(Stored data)
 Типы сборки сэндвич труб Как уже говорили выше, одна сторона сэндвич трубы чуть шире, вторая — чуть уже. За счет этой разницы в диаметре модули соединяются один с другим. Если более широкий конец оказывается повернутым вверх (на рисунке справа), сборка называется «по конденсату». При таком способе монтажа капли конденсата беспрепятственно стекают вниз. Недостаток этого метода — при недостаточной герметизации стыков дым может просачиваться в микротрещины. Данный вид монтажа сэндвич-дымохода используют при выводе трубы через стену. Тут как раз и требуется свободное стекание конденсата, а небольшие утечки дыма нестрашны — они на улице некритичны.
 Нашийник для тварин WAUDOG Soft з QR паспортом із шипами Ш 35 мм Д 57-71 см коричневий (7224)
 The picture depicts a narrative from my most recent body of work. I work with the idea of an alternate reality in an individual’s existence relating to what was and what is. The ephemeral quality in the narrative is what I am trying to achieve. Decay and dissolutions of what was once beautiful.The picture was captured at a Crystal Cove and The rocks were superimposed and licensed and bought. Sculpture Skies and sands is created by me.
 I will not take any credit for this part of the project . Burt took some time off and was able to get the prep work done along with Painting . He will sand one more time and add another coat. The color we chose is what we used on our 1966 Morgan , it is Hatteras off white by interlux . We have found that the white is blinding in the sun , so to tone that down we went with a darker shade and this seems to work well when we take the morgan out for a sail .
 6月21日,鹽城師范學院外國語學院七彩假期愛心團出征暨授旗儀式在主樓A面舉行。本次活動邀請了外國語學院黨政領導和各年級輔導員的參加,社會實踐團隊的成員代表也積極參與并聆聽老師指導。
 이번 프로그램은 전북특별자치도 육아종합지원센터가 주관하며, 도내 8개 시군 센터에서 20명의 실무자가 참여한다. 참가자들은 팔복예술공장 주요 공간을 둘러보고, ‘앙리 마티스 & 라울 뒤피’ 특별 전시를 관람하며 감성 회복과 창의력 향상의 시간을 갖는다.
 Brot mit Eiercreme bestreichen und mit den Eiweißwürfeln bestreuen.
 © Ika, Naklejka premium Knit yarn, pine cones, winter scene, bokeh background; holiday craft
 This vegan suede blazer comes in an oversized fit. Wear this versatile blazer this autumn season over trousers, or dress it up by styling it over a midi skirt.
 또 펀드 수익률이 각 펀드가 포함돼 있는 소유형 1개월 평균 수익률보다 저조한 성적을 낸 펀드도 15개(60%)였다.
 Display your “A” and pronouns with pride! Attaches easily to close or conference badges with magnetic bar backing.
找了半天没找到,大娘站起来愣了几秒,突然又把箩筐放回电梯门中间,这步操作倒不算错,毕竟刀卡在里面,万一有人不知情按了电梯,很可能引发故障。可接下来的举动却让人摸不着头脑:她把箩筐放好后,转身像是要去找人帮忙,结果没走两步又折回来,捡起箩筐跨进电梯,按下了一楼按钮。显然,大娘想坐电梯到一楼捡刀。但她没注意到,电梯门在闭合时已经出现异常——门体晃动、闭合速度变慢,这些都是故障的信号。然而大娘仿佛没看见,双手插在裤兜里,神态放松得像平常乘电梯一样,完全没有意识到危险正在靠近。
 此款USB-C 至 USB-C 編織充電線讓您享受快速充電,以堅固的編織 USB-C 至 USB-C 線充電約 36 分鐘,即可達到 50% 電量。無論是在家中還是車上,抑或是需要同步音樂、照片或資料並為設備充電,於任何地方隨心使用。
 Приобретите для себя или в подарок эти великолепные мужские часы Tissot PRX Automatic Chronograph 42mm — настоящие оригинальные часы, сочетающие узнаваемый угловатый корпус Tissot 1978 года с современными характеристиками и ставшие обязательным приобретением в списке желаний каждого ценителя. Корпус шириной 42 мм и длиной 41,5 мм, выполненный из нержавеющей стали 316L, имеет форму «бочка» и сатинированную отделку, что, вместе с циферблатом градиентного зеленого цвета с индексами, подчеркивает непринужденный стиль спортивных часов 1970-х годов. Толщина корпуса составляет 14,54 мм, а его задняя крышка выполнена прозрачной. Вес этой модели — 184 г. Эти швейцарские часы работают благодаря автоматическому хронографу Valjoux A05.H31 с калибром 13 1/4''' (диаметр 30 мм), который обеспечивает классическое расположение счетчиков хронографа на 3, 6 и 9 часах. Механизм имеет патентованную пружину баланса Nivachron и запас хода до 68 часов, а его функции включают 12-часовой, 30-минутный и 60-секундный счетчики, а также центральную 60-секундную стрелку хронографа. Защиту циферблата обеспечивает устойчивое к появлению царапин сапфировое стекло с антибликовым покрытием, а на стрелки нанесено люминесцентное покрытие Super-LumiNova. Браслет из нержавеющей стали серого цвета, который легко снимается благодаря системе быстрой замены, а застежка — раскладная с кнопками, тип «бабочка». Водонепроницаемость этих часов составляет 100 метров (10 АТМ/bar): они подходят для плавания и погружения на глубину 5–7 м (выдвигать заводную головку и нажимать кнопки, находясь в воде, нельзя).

_WHAT TO PRODUCE:_ From the entries above, tally every line holding the string "with". Give only the count.

_REPLY:_ 3